El viaje interminable del océano


Santiago Gil  //

La literatura es música. Si un texto no resuena más allá de las palabras, si no deja un eco sonoro en nuestra memoria, se convierte en una sucesión de frases y de versos que dicen lo que puede expresar un acta notarial o una lista de la compra. Buscar ese sonido lleva una vida entera, porque quien escribe debe buscar la voz propia, los temas más o menos recurrentes, pero sobre todo la cadencia que haga que sus textos se reconozcan entre cualquier otro texto que se haya escrito a lo largo del tiempo.

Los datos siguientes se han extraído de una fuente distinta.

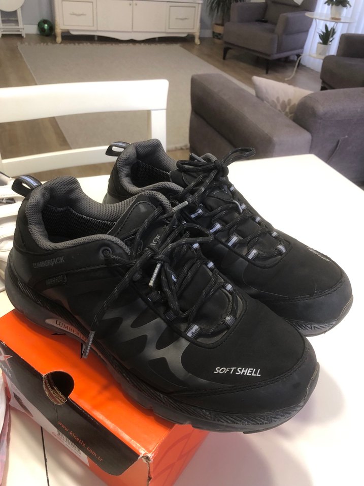 Siyah unisex spor outdoor ayakkabı, baskılı detaylı, kauçuk tabanlı ve Velcro bantlı. Rahat softshell üst yüzey ve streetwear tarzı sunar.

Tomás Morales suena a Tomás Morales desde el primer verso que uno lea, desde aquella edición de Las rosas de Hércules que leíamos en el instituto entre Rubén Darío y Juan Ramón Jiménez, porque Tomás creo que era el único poeta canario que aparecía en los libros de texto de mi generación, y además sonaba a mar y a campo, a tierra mojada y a los callaos que remueven las olas insistentes del norte de Gran Canaria.

Tomás era infancia, el paraíso perdido de los poetas, el asidero en el que Rilke decía que estaba toda nuestra esencia, la Arcadia recreada una y mil veces en el sonido del agua de un riego, en los álamos de las fincas o en esa niebla que cuenta el poeta que subía barranco arriba hacia Moya y Fontanales, toda esa irrealidad que de repente vuelven mágicos y telúricos los pasos que vamos dando por las calles o por los caminos de barro, el olor balsámico de todos esos senderos que luego se vuelven versos.

Y está el mar, siempre ese mar que quien se va lejos lleva en cada uno de sus poros y en el eco que reverbera en todos sus recuerdos. Aquel Tomás que acudía a las tertulias de Carmen de Burgos, Colombine, donde coincidía con con Villaespesa, con Gómez de la Serna o con Díaz Canedo, buscaba su música en el recuerdo del mar de Gran Canaria que recitaba insistente en la meseta a la que no llegaba la brisa de las playas de su infancia. Todos esos avatares en la casa se Carmen de Burgos los cuenta Rafael Cansinos Assens en el Diario de un literato, cuando muchos de los que ahora son grandes nombres de la historia de la literatura eran jóvenes bohemios que buscaban esa voz propia de la que vengo hablando.

Tomás regresa a Canarias para trabajar como médico y se instala en Agaete durante ocho años. Imaginen cómo sería el Puerto de Las Nieves en aquellos años, la sonoridad del Atlántico, la luz de los crepúsculos luminosos y luego la espesura del Huerto de las Flores o de los paisajes del Valle. Todo eso que vio y sintió el poeta, unido a sus lecturas, a sus viajes, y a esa infancia casi edénica entre bosques de laurisilva y olor a pino y a poleo, se reconoce luego en todo lo que va escribiendo.

Siempre se etiqueta a Tomás Morales Castellano como poeta modernista, pero creo que su poesía, aun siendo de las que mejor se engarzan con la corriente liderada por Rubén Darío, se acerca también al simbolismo, pero sobre todo se acerca a su propia mirada de la vida y a los paisajes que le marcaron: su modernismo cambia los nenúfares por el olor a sebas y por el estruendo de las olas contra las rocas de Las Salinas, La Caleta o El Juncal. He vuelto estos días a releer Las rosas del Hércules, y ahora entiendo y siento aún con más cercanía todos esos versos.

El poeta murió joven, pero dejó unos versos eternos, por tanto el poeta no fallece mientras sus sonetos y sus versos alejandrinos resuenen y remuevan las emociones de quienes se acercan a ellos. Los aniversarios sirven para desempolvar libros olvidados. A veces hablamos mucho de ellos, pero no nos acercamos a los anaqueles para revivirlos como único reviven los libros de poemas. Sin lectores no hay poemas ni poetas.

Volvamos estos días a Las rosas de Hércules, a sus olores, a sus metáforas, a la sinfonía perfecta de su cadencia, al olor de la infancia en los campos de Gran Canaria y sobre todo al Atlántico, a ese océano que muchas veces no escuchamos cuando queremos saber de dónde viene la música de nuestra memoria más lejana. Y luego está el azul, toda esa inmensidad que el poeta escribe para que jamás termine el viaje en ninguna parte.